Strategy outlines an organization’s goals, including different performance indicators and the means to
achieve those goals.
Corporate strategy – deals with the overarching strategy in large organizations, which are composed
of various business units operating indifferent markets, each with their own business strategy.
Business strategy – most important for achieving competitive advantage as this is focused on a
specific market, which requires different goals and resources in order to achieve competitive
positioning.
HRM strategy – the processes, decisions and choices the organization makes regarding its human
resources and how they are organized.

Strategy is about achieving a fit between an organization and its environment, or developing a course
of action for achieving an organization’s purpose.
Classical approach – military background. Relies heavily on the readiness and capacity of managers
to adopt profit-maximizing strategies through rational long-term planning.
Strategic HRM – HRM activities being matched to some explicit strategy; and the people of the
organization being seen as a strategic resource for achieving competitive advantage.

Mintzberg – five meanings of strategy
• Strategy as a plan (intended): a direction, a guide, or course of action into the future,
focused on looking ahead.
• Strategy as a pattern (realized): consistency in behaviour over time, focused on looking at
the past;
• Strategy as a ploy: a specific manoeuvre intended to outwit an opponent or competitor;
• Strategy as a position: the way in which the organization positions its products and or
services in particular markets in order to achieve a competitive advantage.
• Strategy as a perspective: an organization’s fundamental way of doing things, including the
way in which the members of the organization perceive their environment and their customers.

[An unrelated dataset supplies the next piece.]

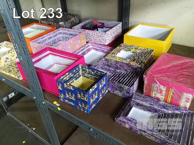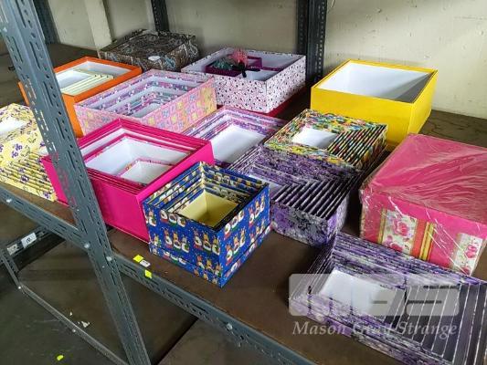 QUANTITY OF ASSORTED NESTED GIFT BOX SETS, VARIOUS SIZES AND PATTERNS. 10 x SETS, ESTIMATED 50 PLUS BOXES (2 x BAYS).
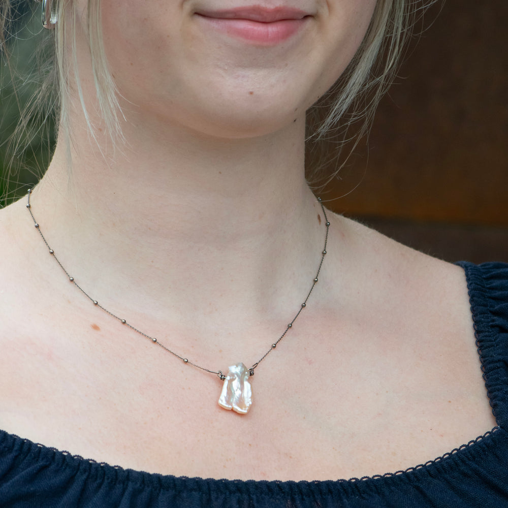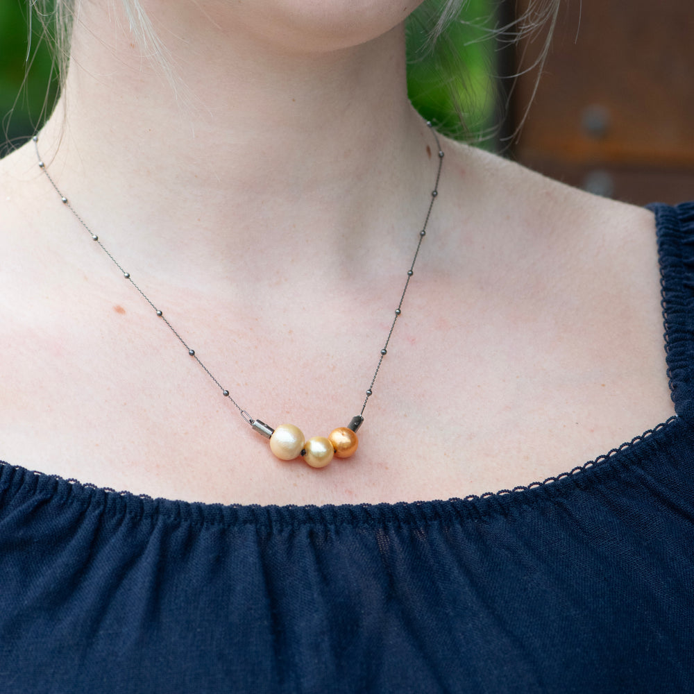 Sterling Silver 3 Pearl Necklace on Bead Chain

Three prescriptive schools of strategy
• Design school: strategy formation as a deliberate process of conscious thought. SWOT.
• Planning school: strategy as a formal process, stepwise approach to creating an all-
encompassing strategy. Formalized and detailed version of design school.
• Positioning school: perceives strategy mainly from an industrial economics perspective using
economic models and techniques. Porter.
The environment is more or less stable and can
be studied objectively in order to distil changes
and opportunities for strategy. Outside-in
approach. The positioning school contributed
to linking HRM policies and practices to a
certain strategic positioning in order to achieve
the required (role) behaviours.
Six descriptive schools of strategy
• Entrepreneurial school: visionary leader who is actively engaged in a search for new
opportunities in order to speed up the company’ growth.
• Cognitive school: strategies emerge as perspectives (frames, maps, schemes) that shape how
people deal with inputs from the environment.
• Learning school: stepwise incremental process. Collective learning process over time, in
which it is hard to distinguish between formulation and implementation.
• Power or political school: use of power and politics to negotiate strategies.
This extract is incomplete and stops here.